Mr. Speaker, we are discussing Bill C-48, an act to amend the Federal Court Act, the Judges Act and the Tax Court of Canada Act. This is the third piece of legislation brought before the House since February of this year dealing with amendments to the Judges Act. I have to question why the government is making all of these piecemeal changes instead of bringing in one bill to satisfy all the administrative and technical changes it feels are necessary.
This bill has been brought in specifically to correct a situation where the justice minister appointed a provincial court judge from British Columbia to the Federal Court. On November 29, 1995 the justice minister appointed Douglas Campbell of the provincial court, criminal division, in Vancouver to the Federal Court of Canada. The legislation at the time permitted any judge of a superior county or district court to be appointed to the Federal Court, but Judge Campbell was a judge of the provincial court. We are therefore debating a technical amendment to the Federal Court Act to deal with this oversight.

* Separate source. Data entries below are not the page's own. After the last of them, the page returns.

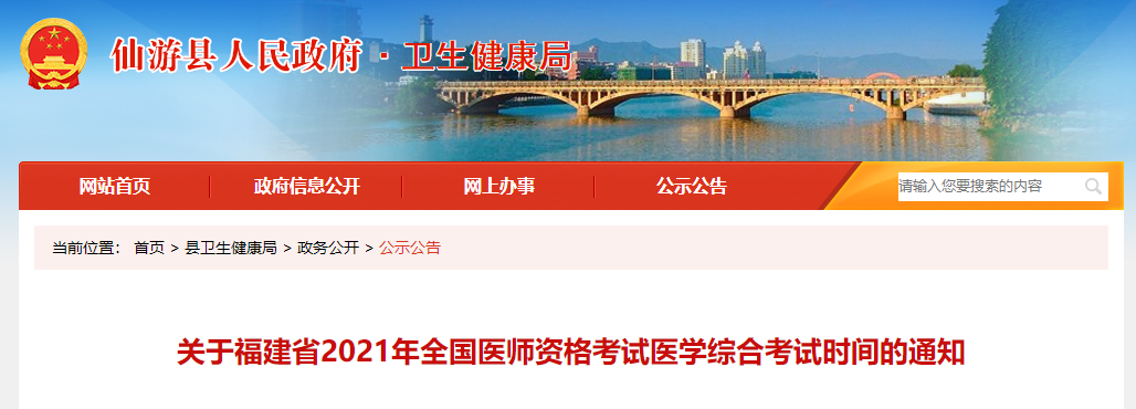 仙游縣轉(zhuǎn)發(fā)福建省2021年全國醫(yī)師資格考試醫(yī)學(xué)綜合考試時(shí)間的通知
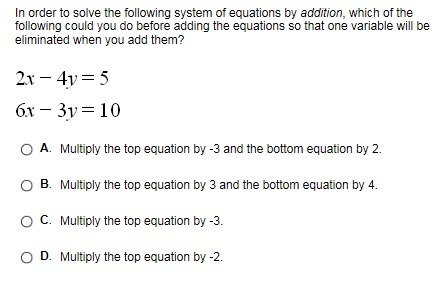 multiply the top one by 3 for x, so you can eliminate x and find y
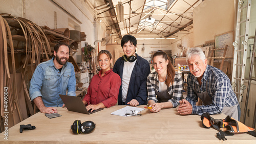 Ausbilder lehrt Schreiner Lehrlinge in der Tischlerei
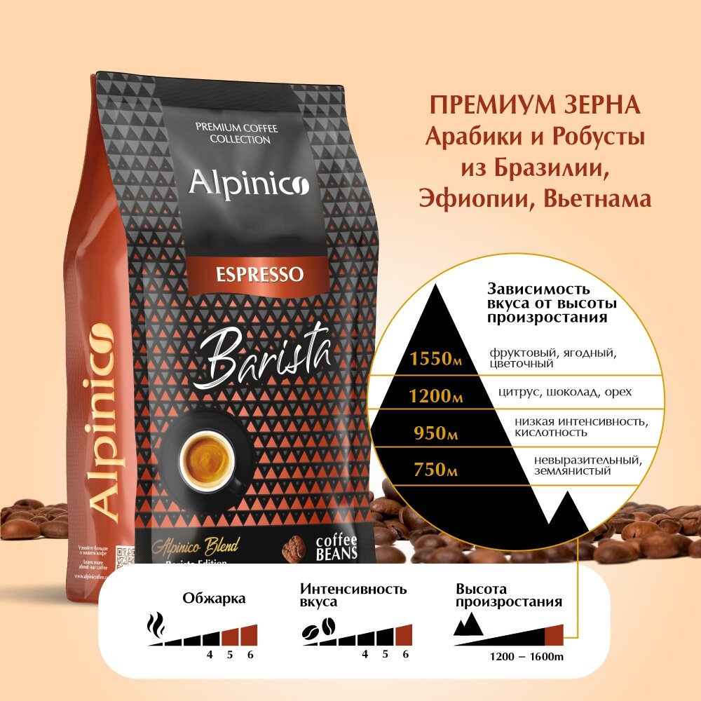 Кофе в зернах Alpinico Espresso Barista, средней обжарки, кофе в зернах 1 кг информация:
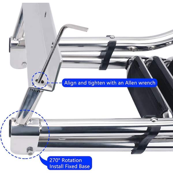 Heavy Duty 316 Stainless Steel 4 Step Telescoping Folding Pontoon BoatLadder with Wide Strong Handrails Reach 15.5 in. H
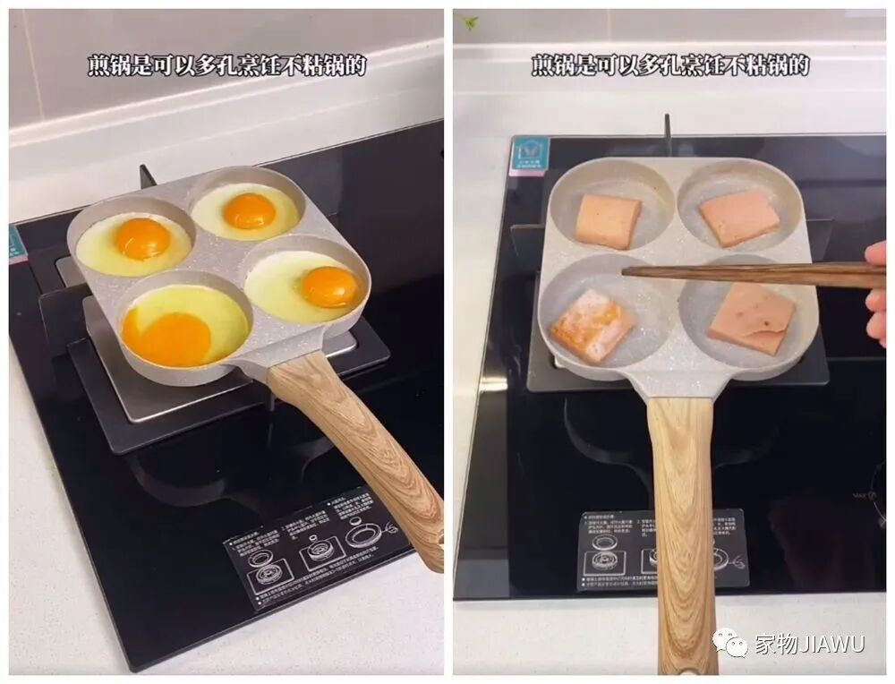 接下来是这个可爱的小煎锅,多孔的设计可以分别用来煎蛋、煎香肠,同时还能保证煎蛋的造型,总之也算是个颜值高又好用的小物件~
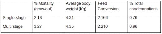 Single stage and multistage incubation system comparison: Our group conducted a series ofcomparisons between Chickmaster multi-stage and single-stage systems in a commercial broiler hatchery. The results (Wineland et al. 2008) demonstrated improved body weight, feed conversion and leg health (see representative tables below from one of the experiments). Where you are able to control the incubation parameters more precisely for a specific age of embryo you can see improvements in performance. Single stage incubation will have an economic return if an investment is made, but like all incubation systems, the hatchery manager must be aware how his incubators are running and what his hatchling quality is like so he can fine tune the incubators.
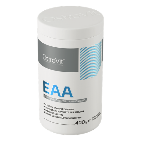 OstroVit EAA est un complément alimentaire de haute qualité qui contient des acides aminés essentiels, ainsi que de la L-glutamine, de la L-tyrosine et de la L-cystéine. Il s'agit d'une préparation au goût délicieux de pamplemousse rafraîchissant, disponible sous forme de poudre pratique. Il s'agit d'un produit conçu pour les athlètes et les personnes qui souhaitent compléter leur alimentation quotidienne avec des composés précieux.

It is a technical amendment, since the current legislation also includes provisions that a barrister or advocate who has been at the bar of a province for at least 10 years is also eligible for an appointment. Therefore, while Judge Campbell was not from the proper judge pool, he did in fact have the necessary years of experience to qualify.

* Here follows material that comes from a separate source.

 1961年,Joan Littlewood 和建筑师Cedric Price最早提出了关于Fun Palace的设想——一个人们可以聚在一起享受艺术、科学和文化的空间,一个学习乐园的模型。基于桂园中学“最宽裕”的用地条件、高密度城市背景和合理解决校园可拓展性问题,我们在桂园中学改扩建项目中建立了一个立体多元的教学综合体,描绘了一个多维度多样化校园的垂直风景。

At the Reform Party's national assembly, which was held in Vancouver two weekends ago, the delegates voted 75 per cent in favour of the following resolution:
Resolve that the Reform Party supports dissolving the current system of appointing federal judges and replacing it with a democratic and accountable method.
We feel that political patronage in the appointment of judges has been an albatross around the necks of Canadians for years and that it has to stop. Only with a more transparent appointment process can Canadians be satisfied that the integrity of our justice system is protected.
For the reasons I have mentioned, the Reform Party will not be supporting Bill C-48. We believe it is time to de-politicize the appointment process in putting men and women on the benches of the courts of our land. This cannot be achieved until the process is open and accountable.